Ostatnie dni minęły dość szybko i nudnie, jedyną odskocznią była sobota. Spędziliśmy miło dzień, Nypel opowiedział swojej mamie i cioci o tym co się ostatnio wydarzyło. Były bardzo podekscytowane, od zawsze go wspierały i nie robiły problemów o przekleństwa czy inne ,,zakazane'' słowa w numerach. Z niecierpliwością będą czekać aż piosenka pojawi się na kanale i dalej będą śledzić poczynania naszego młodego rapera.

Kilka tygodni później

Dziś jest czwartek, postanowiliśmy pojechać nad jezioro. Zarezerwowałam domek na 3 dni. Niedługo będziemy wyjeżdzać, w niedziele wracamy znowu do Warszawy. Nypel zaprosił swoich nowych kumpli ze szkoły a że sami nie mogliby być tak długo i to jeszcze w domku nad jeziorem to jadę z nimi jako opiekun. Razem jedzie nas 5 czyli cały samochód, na szczęście wszyscy są z Warszawy więc nie muszę nigdzie po nich jeździć.

-idę znieść bagaże, będę czekać na dole-krzyknęłam do chłopaka otwierając drzwi
-okej, zaraz przyjdę

O 10:30 byliśmy już w samochodzie z zapakowanymi walizkami, chwile później dołączyła do nas trójka chłopaków. Wpakowałam ich torby do bagażnika i ruszyliśmy. Do miejsca docelowego mieliśmy około godzinę. Puściłam muzykę na spotify. Z tego co mówił mi Nypel to chłopaki bali się, że jestem sztywna i na nic im nie będę pozwalać ale cóż nie znają mnie. Wszyscy zaczęli śpiewać gdy w głośnikach rozbrzmiało ,,nadchodzi lato'' Bedoesa. Gdy dotarliśmy na miejsce, kazałam chłopakom wyjąć rzeczy z samochodu a sama poszłam nas zameldować i wzięłam klucze z recepcji. Domek nie był za duży, znajdowała się w nim mała kuchnia, dwie łazienki (na szczęście), salon z telewizorem i dwa pokoje, jeden dla mnie a drugi dla chłopaków. Do jeziora mieliśmy dosłownie kilka metrów, obok była restauracja i budka z goframi oraz lodami. Rozpakowaliśmy się, zapoznaliśmy z domkiem i postanowiliśmy przejść się na plaże.

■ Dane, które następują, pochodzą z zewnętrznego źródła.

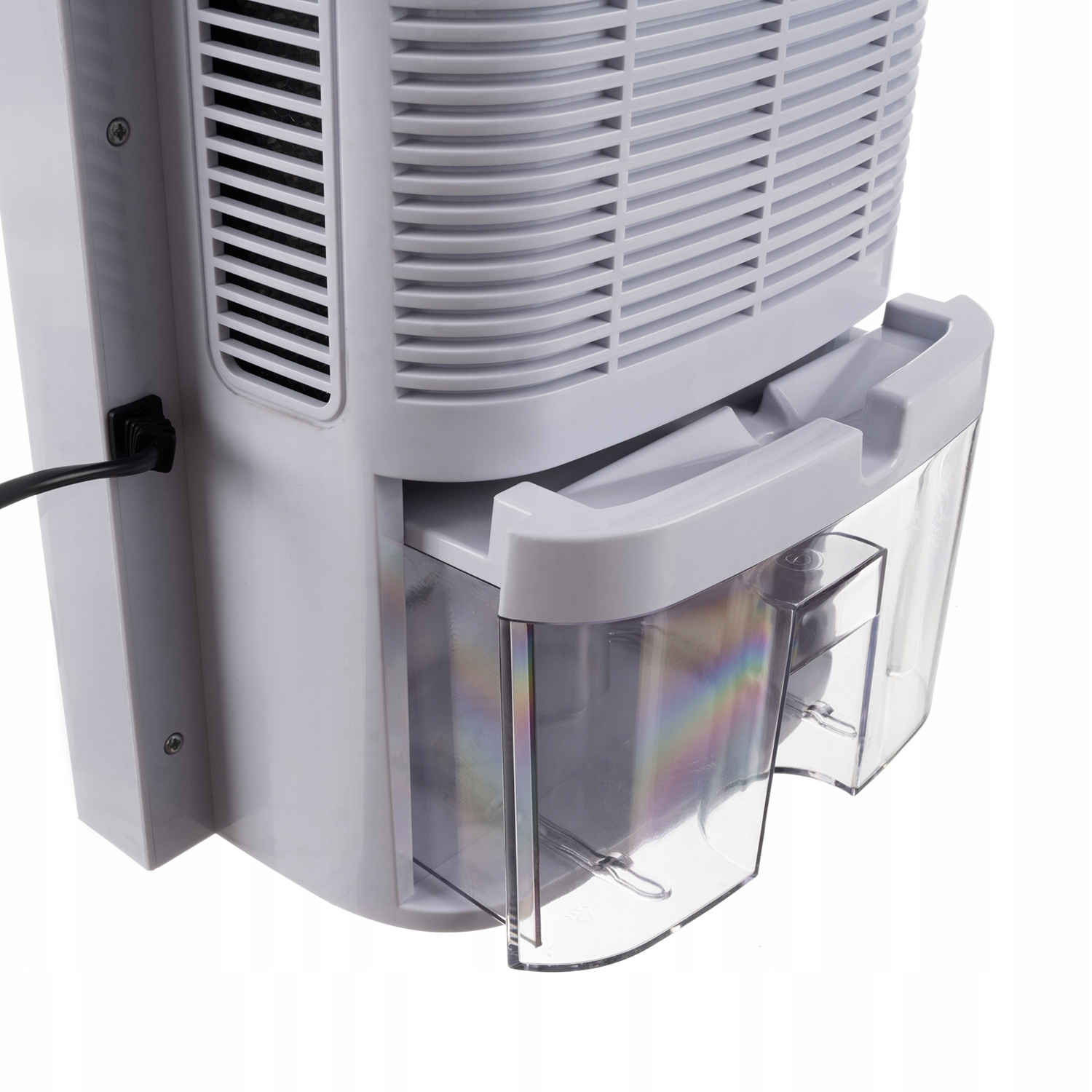 - Rezervorul dezumidificatorului are o capacitate de 1800 ml. Datorita acestui aspect, nu trebuie sa turnati apa foarte frecvent pentru a-l intretine. Puteti lasa cu usurinta dezumidificatorul acasa mai mult de doua zile! Un avantaj suplimentar al dispozitivului este oprirea automata dupa umplerea rezervorului. Setul include, de asemenea, un furtun pe care il puteti conecta la dezumidificator pentru a duce apa afara, de exemplu direct la chiuveta. Aceasta solutie va permite sa lasati dezumidificatorul inclusiv intr-un loc pe care il vizitati rar.

Wzięłam torbę do której włożyłam koce, znaleźliśmy miejsce koło jakiegoś drzewa aby nie padało na nas słońce. Chłopaki od razu ruszyli do restauracji aby zamówić coś do jedzenia ponieważ wszyscy byliśmy niezmiernie głodni. Po około 15 minutach wrócili z posiłkami. Zjedliśmy a ja kupiłam nam po piwie. Około 16:20 wróciliśmy do domku bo robiło się coraz goręcej.

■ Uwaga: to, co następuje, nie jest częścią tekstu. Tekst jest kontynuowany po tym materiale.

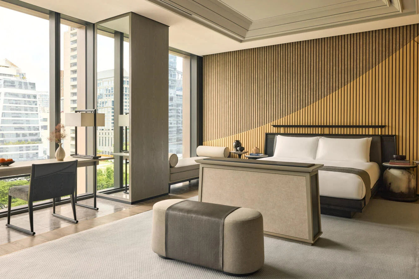 - The hotel’s design blends modern luxury with traditional Thai elements, creating an elegant and stylish atmosphere. The rooms and suites feature open, airy spaces, adorned with luxurious finishes and artistic touches that reflect Thailand's rich cultural heritage. From the sleek, contemporary decor to the artfully crafted details in wood, textiles, and local artistry, the design strikes a perfect balance between modern sophistication and timeless Thai elegance.

-późnym wieczorem znowu się przejdziemy, co chcecie teraz robić?-zapytałam
-szczerze mówiąc to nie wiem, jest za gorąco żeby siedzieć na dworze, może po prostu posiedzimy w pokoju i pogadamy
-okej, to ja nie będę wam przeszkadzać i pójdę do swojego pokoju

Wzięłąm książkę do ręki i zaczęłam czytać, nie minęło nawet kilka minut a u mojego boku stał Nypel.

-co się stało?-zapytałam
-bo...przeczytaliśmy, że w okolicy jest ,,wesołe miasteczko'' i chcielibyśmy tam pójść
-no dobra, to dzisiaj odpuścimy sobie plaże
-20:00?
-pasuje
-no to jesteśmy umówieni

Sama lubie takie miejsca, uwielbiam karuzele i tego typu rzeczy. Chłopakom na pewno się spodoba i nie będą ślęczeć przed telefonami. O 20:00 wszyscy staliśmy już przed domkiem. Na miejsce mieliśmy około 15 minut pieszo. Mieliśmy pojechać samochodem ale stwierdziłam, że może się napije choć nie wiem czy jest to dobry pomysł mając pod opieką 4 nieletnich chłopaków. Gdy dotarliśmy pierwsze co zobaczyliśmy to wielka karuzela na którą oczywiście poszliśmy. Byliśmy chyba na wszystkich możliwych karuzelach i huśtawkach. Świetnie się bawiliśmy, na koniec usiedliśmy na ławce i wypiliśmy po małej zimnej coli. W ,,wesołym miasteczku'' spędziliśmy kilka godzin, koło 01:00 byliśmy już z powrotem. Padłam na łóżko i od razu usnęłam. Rano obudził mnie dźwięk budzika, którego zapomniałam wyłączyć poprzedniego dnia. Szybko sięgnęłam po telefon aby nie obudzić chłopaków ale nie miałam się czym martwić bo oni już nie spali i z tego co zauważyłam to nie spali od dłuższego czasu. W salonie na stole rozstawione były płatki, kanapki, jajecznica, herbata, kawa i wiele innch pyszności. Zaniemówiłam.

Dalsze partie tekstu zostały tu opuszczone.